## EXERCISE INSTRUCTIONS
Write out all of the records below precisely as given, omitting the images.

## DATA SHOWN
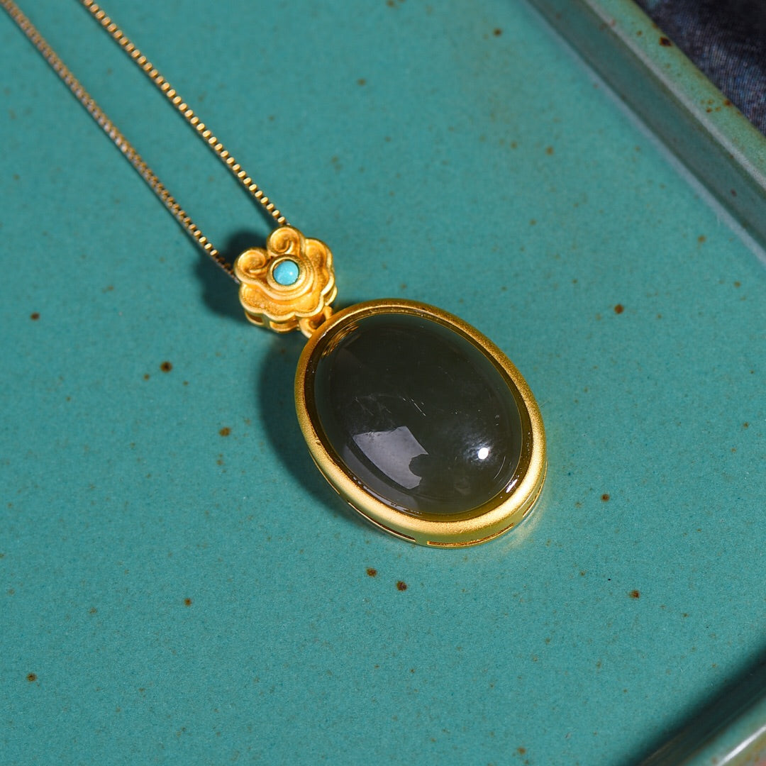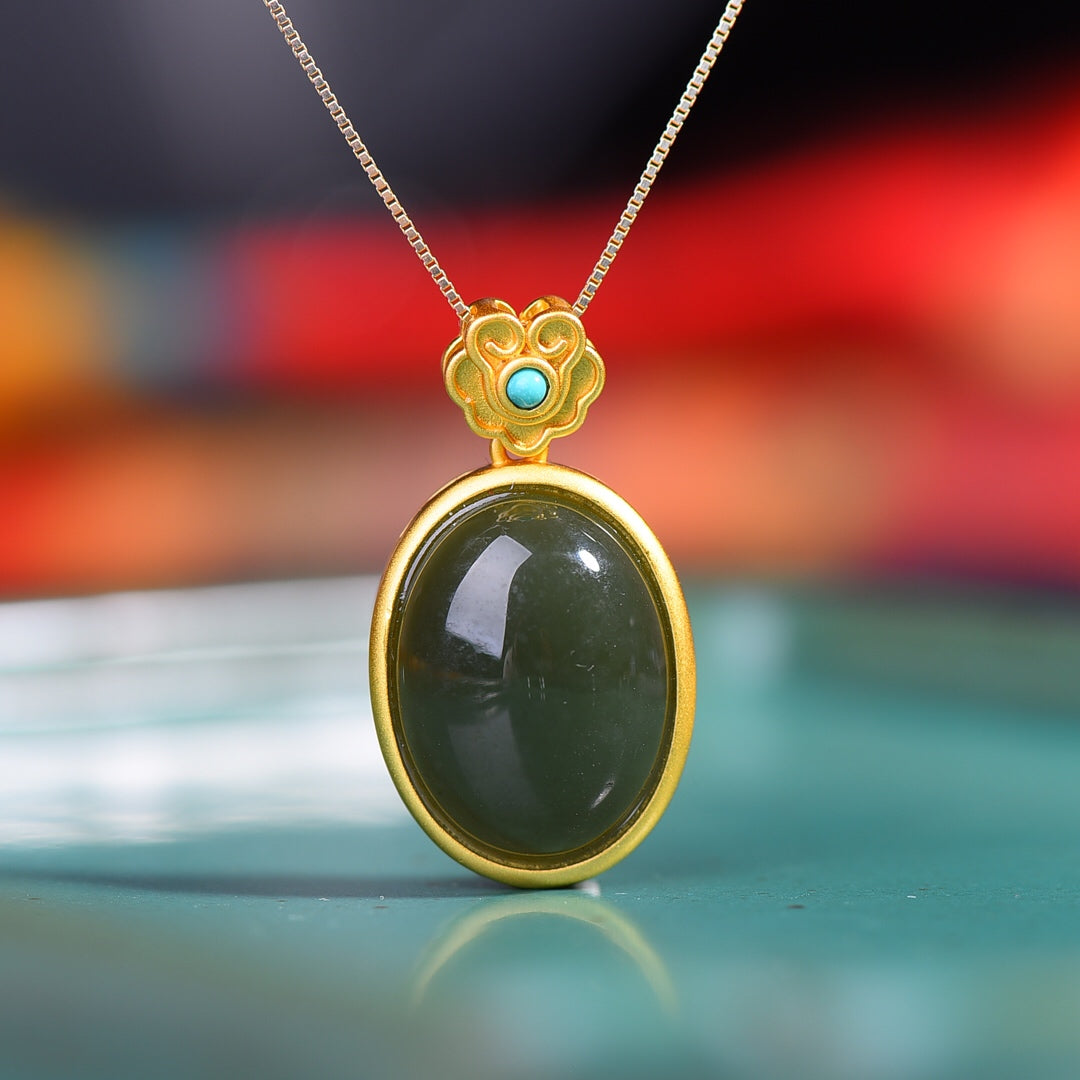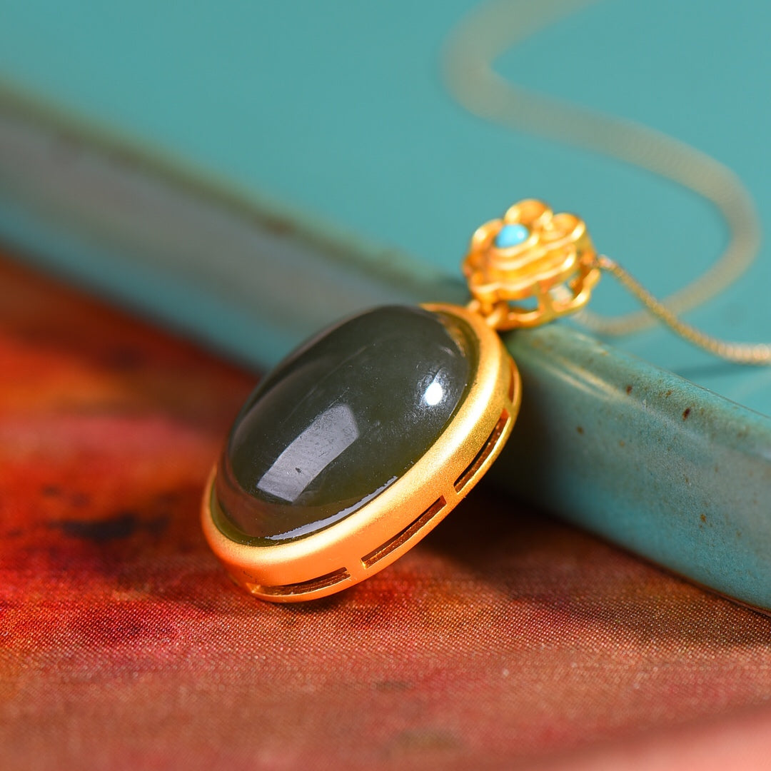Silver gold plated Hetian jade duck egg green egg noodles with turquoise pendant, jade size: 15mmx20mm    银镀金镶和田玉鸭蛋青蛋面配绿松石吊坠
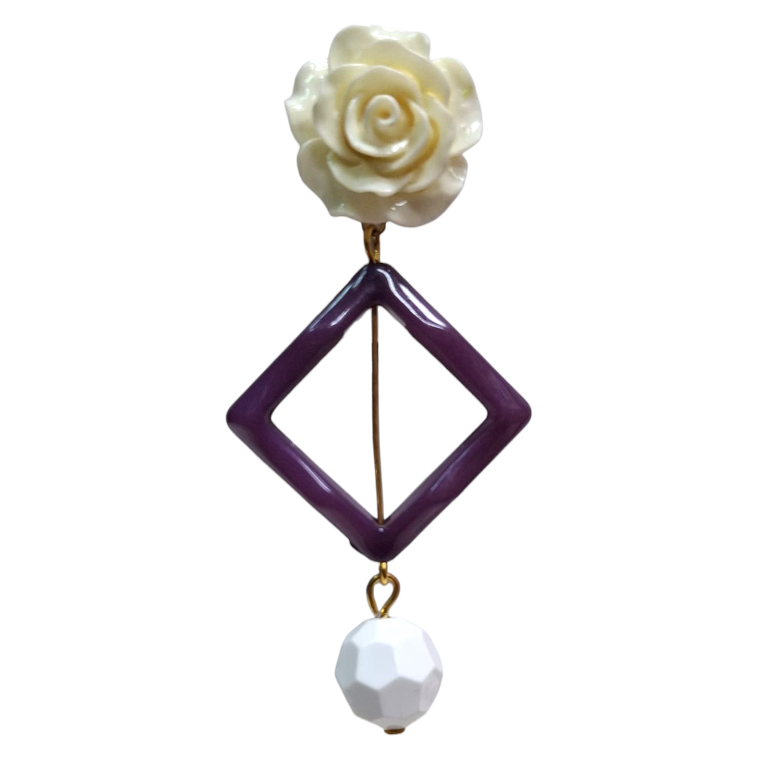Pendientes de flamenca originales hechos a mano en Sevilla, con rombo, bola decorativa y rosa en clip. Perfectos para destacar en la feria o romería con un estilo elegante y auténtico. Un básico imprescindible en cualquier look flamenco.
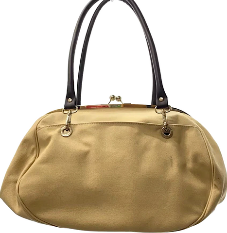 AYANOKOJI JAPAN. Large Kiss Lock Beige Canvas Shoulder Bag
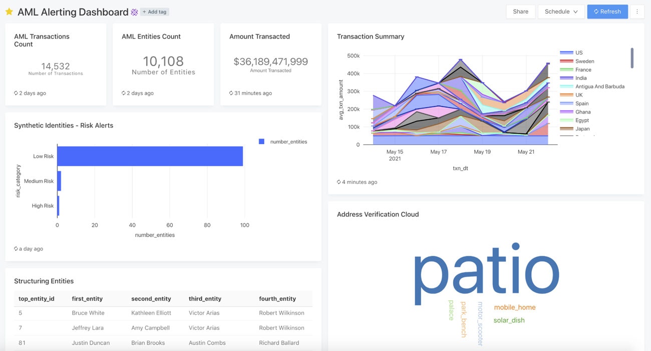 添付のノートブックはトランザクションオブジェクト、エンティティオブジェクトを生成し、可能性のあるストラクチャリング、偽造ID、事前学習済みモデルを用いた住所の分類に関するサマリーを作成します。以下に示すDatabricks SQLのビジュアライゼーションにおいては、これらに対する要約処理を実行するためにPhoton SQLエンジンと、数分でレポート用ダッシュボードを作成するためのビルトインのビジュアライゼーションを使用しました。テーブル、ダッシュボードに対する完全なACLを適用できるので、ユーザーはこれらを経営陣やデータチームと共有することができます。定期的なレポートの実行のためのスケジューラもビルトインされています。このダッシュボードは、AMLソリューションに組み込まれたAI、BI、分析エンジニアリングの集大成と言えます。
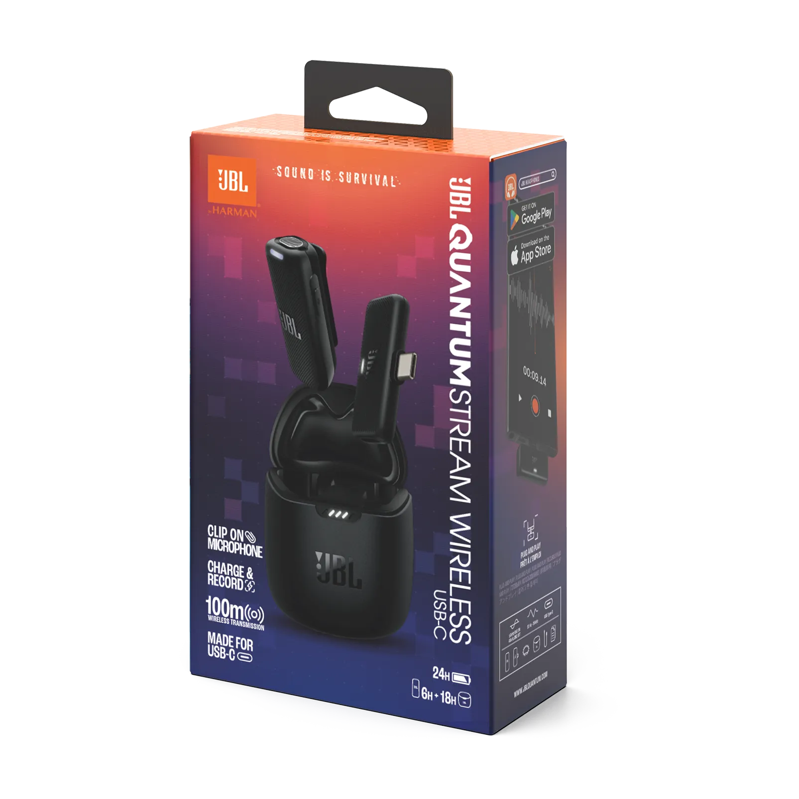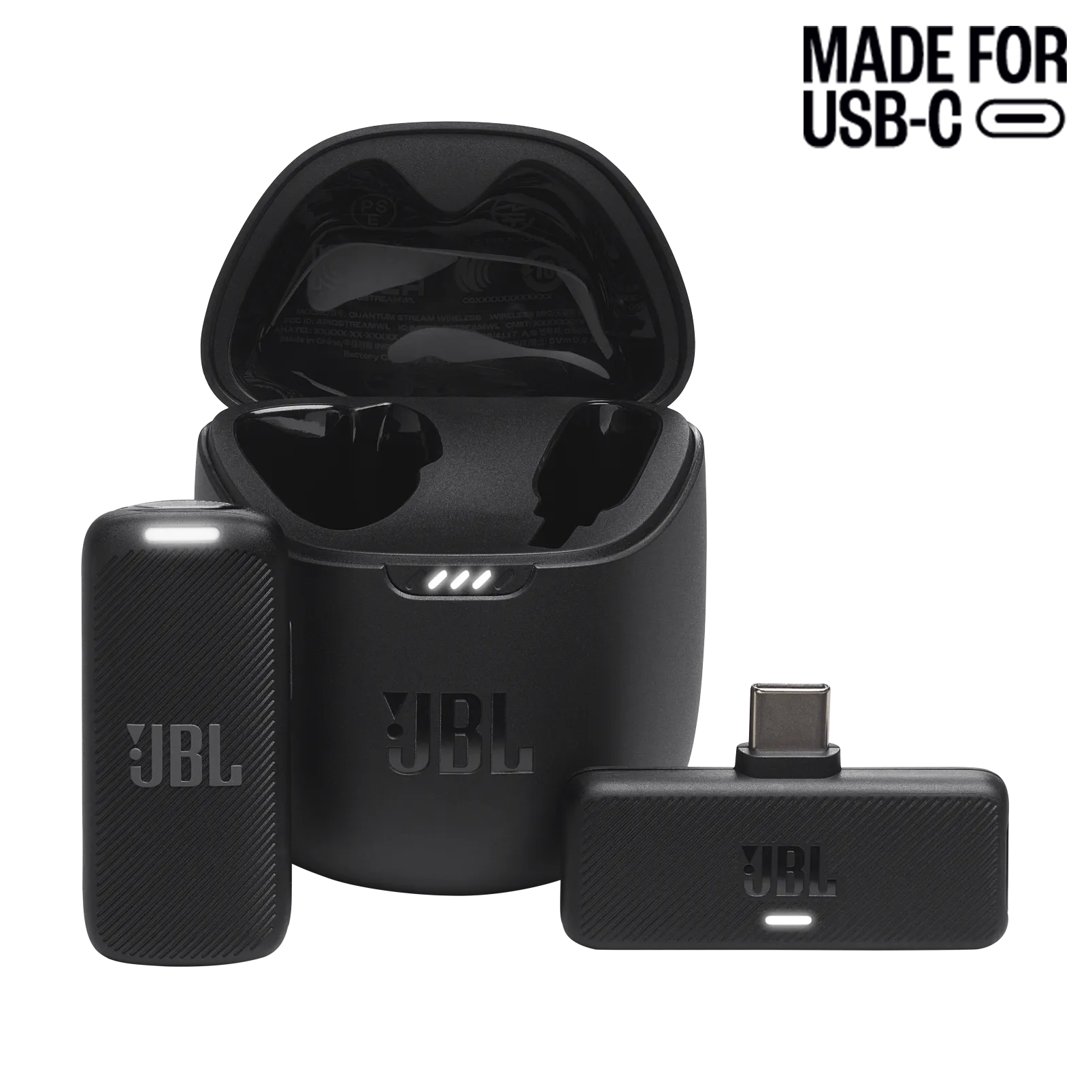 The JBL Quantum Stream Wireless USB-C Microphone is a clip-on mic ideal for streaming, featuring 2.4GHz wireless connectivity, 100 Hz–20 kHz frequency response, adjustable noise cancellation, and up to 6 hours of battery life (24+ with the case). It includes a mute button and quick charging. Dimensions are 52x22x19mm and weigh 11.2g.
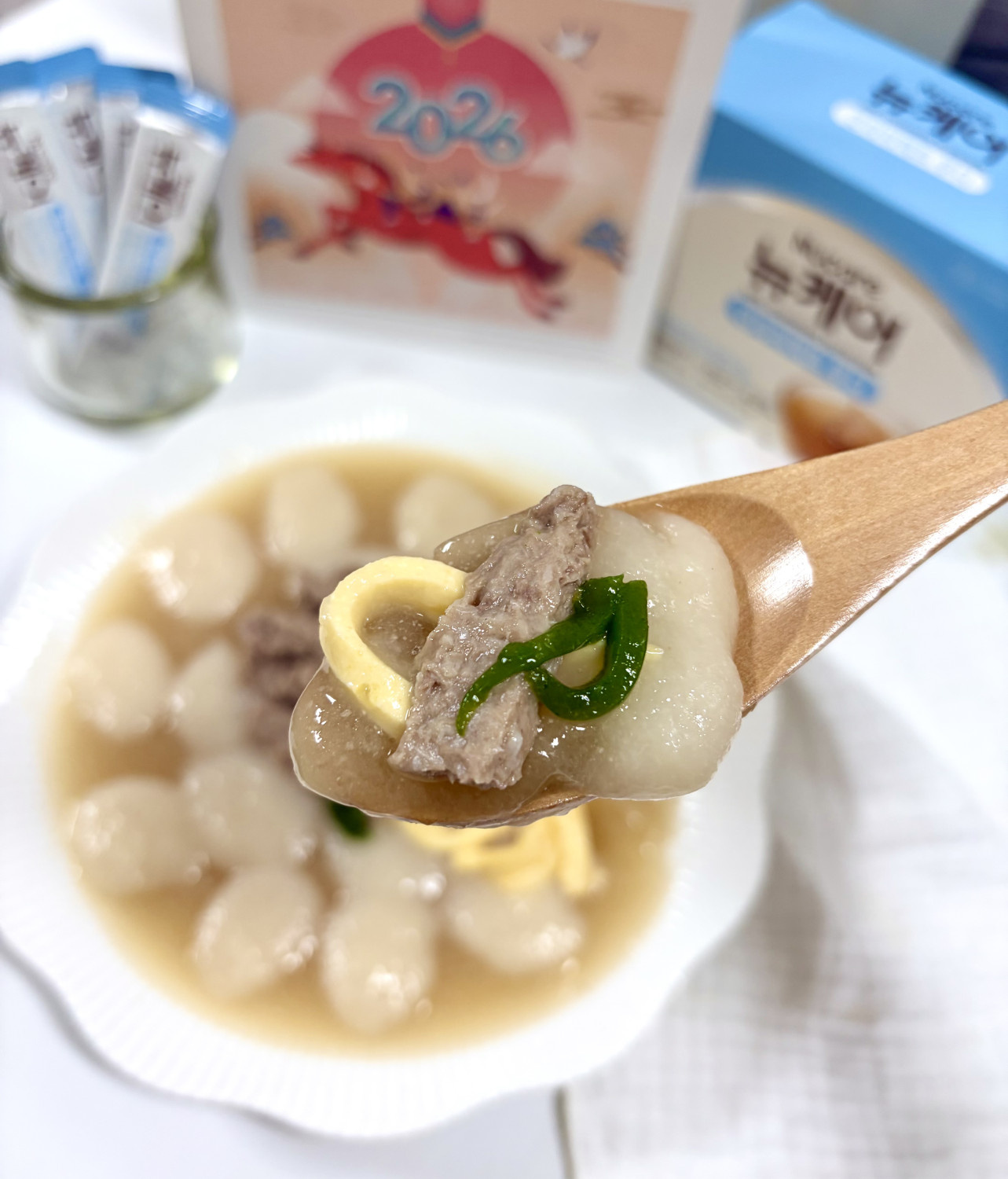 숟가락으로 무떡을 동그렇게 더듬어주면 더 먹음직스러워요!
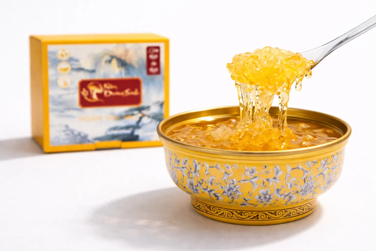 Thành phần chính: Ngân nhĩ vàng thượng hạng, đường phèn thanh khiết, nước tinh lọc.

## YOUR SOLUTION
Silver gold plated Hetian jade duck egg green egg noodles with turquoise pendant, jade size: 15mmx20mm    银镀金镶和田玉鸭蛋青蛋面配绿松石吊坠
Pendientes de flamenca originales hechos a mano en Sevilla, con rombo, bola decorativa y rosa en clip. Perfectos para destacar en la feria o romería con un estilo elegante y auténtico. Un básico imprescindible en cualquier look flamenco.
 AYANOKOJI JAPAN. Large Kiss Lock Beige Canvas Shoulder Bag
 添付のノートブックはトランザクションオブジェクト、エンティティオブジェクトを生成し、可能性のあるストラクチャリング、偽造ID、事前学習済みモデルを用いた住所の分類に関するサマリーを作成します。以下に示すDatabricks SQLのビジュアライゼーションにおいては、これらに対する要約処理を実行するためにPhoton SQLエンジンと、数分でレポート用ダッシュボードを作成するためのビルトインのビジュアライゼーションを使用しました。テーブル、ダッシュボードに対する完全なACLを適用できるので、ユーザーはこれらを経営陣やデータチームと共有することができます。定期的なレポートの実行のためのスケジューラもビルトインされています。このダッシュボードは、AMLソリューションに組み込まれたAI、BI、分析エンジニアリングの集大成と言えます。
 The JBL Quantum Stream Wireless USB-C Microphone is a clip-on mic ideal for streaming, featuring 2.4GHz wireless connectivity, 100 Hz–20 kHz frequency response, adjustable noise cancellation, and up to 6 hours of battery life (24+ with the case). It includes a mute button and quick charging. Dimensions are 52x22x19mm and weigh 11.2g.
 숟가락으로 무떡을 동그렇게 더듬어주면 더 먹음직스러워요!
 Thành phần chính: Ngân nhĩ vàng thượng hạng, đường phèn thanh khiết, nước tinh lọc.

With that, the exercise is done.